Pierre de  Fermat (1601-1665) France

Pierre de Fermat was the most brilliant mathematician of his era and, along with Déscartes, one of the most influential. Although mathematics was just his hobby (Fermat was a government lawyer), Fermat practically founded Number Theory, and also played key roles in the discoveries of Analytic Geometry and Calculus. He was also an excellent geometer (e.g. discovering a triangle's Fermat point), and (in collaboration with Blaise Pascal) discovered probability theory. Fellow geniuses are the best judges of genius, and Blaise Pascal had this to say of Fermat: "For my part, I confess that [Fermat's researches about numbers] are far beyond me, and I am competent only to admire them." E.T. Bell wrote "it can be argued that Fermat was at least Newton's equal as a pure mathematician."

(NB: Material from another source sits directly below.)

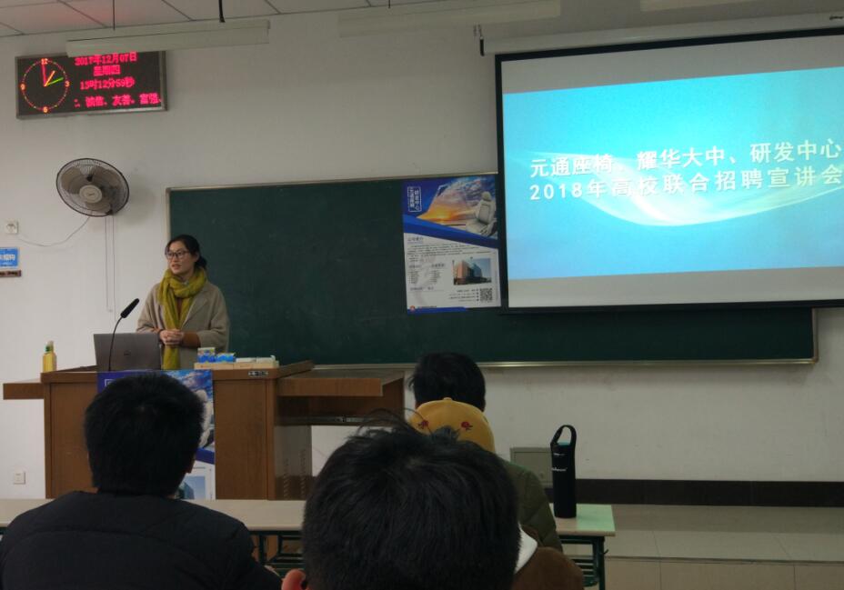 2017年12月7日下午13:00,英国威廉希尔公司官网在2105教室举行了上海元通座椅系统有限公司宣讲会。上海元通座椅系统有限公司人事经理沈伟萍、英国威廉希尔公司官网辅导员李陆嫔以及毕业班部分学生等参加了宣讲会。

Fermat's most famous discoveries in number theory include the ubiquitously-used Fermat's Little Theorem; the n = 4 case of his conjectured Fermat's Last Theorem (he may have proved the n = 3 case as well); the fact that every natural number is the sum of three triangle numbers; and Fermat's Christmas Theorem (that any prime (4n+1) can be represented as the sum of two squares in exactly one way, also called the Fermat-Euler Prime Number Theorem). As suggested by the "Euler" in the name of this latter theorem (which Fermat records proving with difficulty using "infinite descent"), proofs for this and many other Fermat results had to be rediscovered (most of Fermat's work was never published). However it is wrong to suppose that Fermat's work comprised mostly false or unproven conjectures. (This misconception arises from his so-called "Last Theorem" which was actually just a private scribble.)

Fermat developed a system of analytic geometry which both preceded and surpassed that of Déscartes; he developed methods of differential and integral calculus which Newton acknowledged as an inspiration. Solving   df(x)/dx = 0   to find extrema of f(x) is perhaps the most useful idea in applied mathematics; this technique originated with Fermat. Fermat was also the first European to find the integration formula for the general polynomial; he used his calculus to find centers of gravity, etc.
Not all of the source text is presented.